All’interno, nel catino absidale, si trovano la rappresentazione del Cristo “Pantocrator”, ovvero salvifico, inserito in una caratteristica mandorla medievale e circondato, ai lati, dalle figurazioni degli animali antropomorfi simboleggianti gli Evangelisti. Nella fascia sottostante appare, in mezzo alle due finestrelle, l’immagine di San Lorenzo e, ai lati, due momenti della sua agiografia: a sinistra il Santo davanti all’imperatore Valeriano poco prima della sua uccisione e, a destra, il martirio. Sulla facciata dell’altare è dipinta l’immagine di un Cristo morto, del quale sono messe in evidenza le piaghe del martirio.
Sull’arcone trionfale, in alto, è stata dipinta un’Annunciazione, nella classica composizione: l’Arcangelo Gabriele sulla sinistra, il Dio Padre in centro, la Vergine sulla destra.
Nella fascia bassa e poi nella parete di sinistra scorrono, in una Biblia Pauperum di grande interesse compositivo, diverse figure di santi: S. Giovanni Battista, Santa Caterina d’Alessandria, S. Anna Metterza, Sant’Antonio Abate, Santa Apollonia, San Bartolomeo, San Marco, una Crocifissione.
Sulla parete destra sta l’affresco più noto: una Ultima Cena, riccamente imbandita e descritta, con gli Apostoli intenti a banchettare – alcuni sono riconoscibili da oggetti particolari (es. San Pietro) – e dove, curiosamente, appare anche Mattia, l’Apostolo che sostituisce Giuda dopo questo momento conviviale. La successiva annessione del vano settecentesco ha significato la rovina di qualche parte di questo affresco. Tutte le figure sono contraddistinte dal proprio nome inserito nella parte alta della cornice bianca e rossa.

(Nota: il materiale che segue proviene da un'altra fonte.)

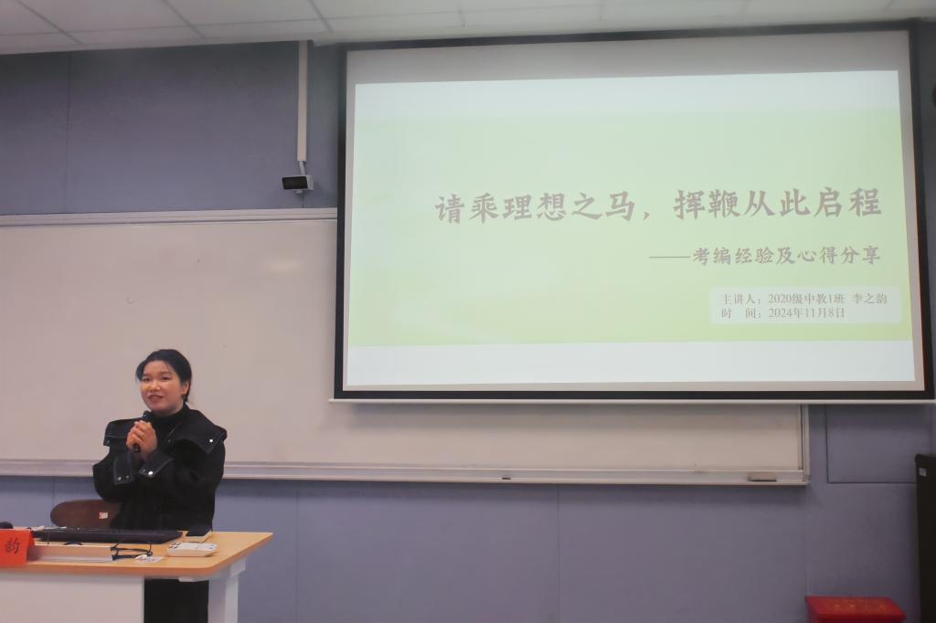 李之韵,现任教于台州市白云中学,曾在椒江区教育局赴华师大招聘考试中取得初中组语文第二名的优异成绩。活动伊始,李之韵引用了流沙河的《理想》作为开篇,叙述自己在大学期间以提高自身语言表达能力为目标,不懈努力,最终成就自我的奋斗历程。她总结出“找到一条适合自己的路,坚定地走下去”和“认识自己,悦纳自己,包容自己”两条心得感悟,并以此寄予她对同学们的殷切希望,使同学们深受鼓舞。

Nel complesso, il linguaggio del pittore può dirsi particolarmente colto: lo si evince dalla presenza massiccia di richiami testuali (inseriti nei libri, nei cartigli, nelle cornici), dalla dovizia di particolari con cui sono descritte tutte le scene (il movimento dei capelli e delle barbe, la ricchezza degli abiti: panneggi ben drappeggiati, resa di tessuti differenti, etc).